Soft water for dialysis is generated in a multistep process involving passage through multiple filters, one of two water softeners running in parallel and then through the RO unit. Two weeks prior to this incident, a failure of the twin-stage RO caused activation of a high-conductivity alarm prompting immediate cessation of haemodialysis. On investigation, the casing of one of the two water softeners was found to have cracked, with leakage of ion exchange resin beads downstream, blocking the RO membranes. A temporary solution to provide soft water was implemented using the remaining water softener with daily manual regeneration and water softness checks. Water softness was confirmed prior to recommencement of haemodialysis for a reduced number of patients through use of the yes/no Palintest and dialysate biochemical analysis, with normal sodium (139.4 mmol/L) and bicarbonate (28.5 mmol/L) concentrations found. Replacement of the second water softener allowed increased capacity and automatic switching between water softeners when depleted.
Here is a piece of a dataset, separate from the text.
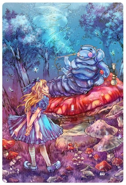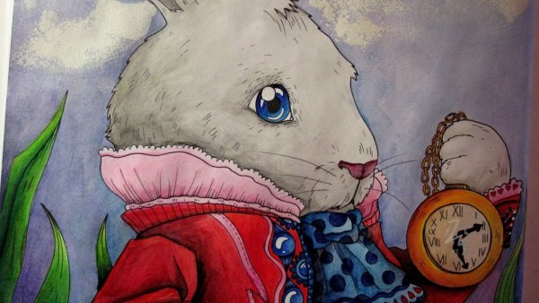 ![Иллюстрация Алиса в стране чудес гуашь]()
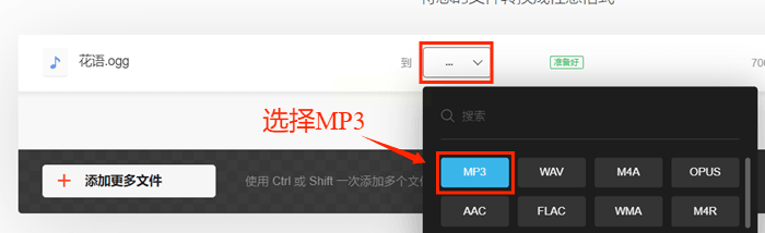 3. 文件上传后,网站会问你“要转换成什么格式?”。你会在旁边找到一个格式选择按钮(可能是下拉菜单,也可能显示为“···”),点开它,在长长的列表里找到“MP3”并选中。

At this point, it was felt that there was no longer a need to continue daily water softness testing.

On the day preceding the development of hard water syndrome, remedial work was performed on the second water softener, but automatic switching between softeners was deactivated, leading to their depletion and exposure of the patients to hard water.
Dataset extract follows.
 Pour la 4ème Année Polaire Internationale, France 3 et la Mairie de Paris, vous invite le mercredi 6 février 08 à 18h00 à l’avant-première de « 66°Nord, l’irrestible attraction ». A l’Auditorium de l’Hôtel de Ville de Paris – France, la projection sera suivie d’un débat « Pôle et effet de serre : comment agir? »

Dialysis was restarted after replacement of the water softener spreader manifolds in the unit to prevent recurrence. Water quality was confirmed with the Renal Association test prior to recommencing dialysis.

DISCUSSION

This cause of RO unit malfunction has not been reported before and has prompted replacement of the water softener spreader manifolds throughout local dialysis units. While the frequency of water quality checks was within that recommended by the Renal Association guidelines [5], root cause analysis and peer review by renal technicians from other dialysis units were conducted to identify preventative strategies. These include that in-house renal technologists be present whenever external companies are conducting work on the unit and that water softness checks be performed daily after any such work.
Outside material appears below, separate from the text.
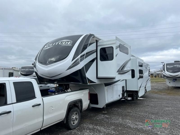 Each Solitude fifth wheel by Grand Design features a 101" wide-body construction, heavy duty 7,000 lb. axles, frameless tinted windows, and high-gloss gel coat sidewalls. You can camp year around thanks to the Weather-Tek Package that includes a 35K BTU high-capacity furnace, an all-in-one enclosed and heated utility center, and a fully enclosed underbelly with heated tanks and storage. Inside, you'll love the premium roller shades, hardwood cabinet doors, solid surface countertops and sinks, plus residential finishes throughout to make you truly feel at home. Each model also includes a MORryde CRE3000 suspension system, self adjusting brakes, and a MORryde pin box that will provide smooth towing from home to campground. Affordable luxury is possible with the Solitude fifth wheels; choose yours today!

Hard water syndrome was initially described in 12 patients dialysed against hard water in 1967, causing severe hypercalcaemia and hypermagnesaemia following water softener failure [1]. Other causes described in both home and unit haemodialysis settings include incorrect dialysate formulation [2], high calcium concentrations in the home water supply [3], failure to replenish the water softener and connecting the efflux port of the RO unit to the dialyser [4]. The symptoms of hard water syndrome include nausea, vomiting, weakness, hypertension and increased risk of arteriovenous fistula thrombosis. Headache and nausea are not infrequently encountered among the dialysis population, making early or mild cases of hard water syndrome hard to identify. Suspicion must therefore be raised should a larger proportion of patients experience these symptoms over the course of a single dialysis session.

Haemodialysis safety has progressed significantly since hard water syndrome was first described in 1967. Despite this, the largest reported cohort of patients arose from a tertiary centre 50 years later. Identifying the cause of the failure in the water supply is therefore relevant to all haemodialysis centres, given the significant morbidity associated with this syndrome.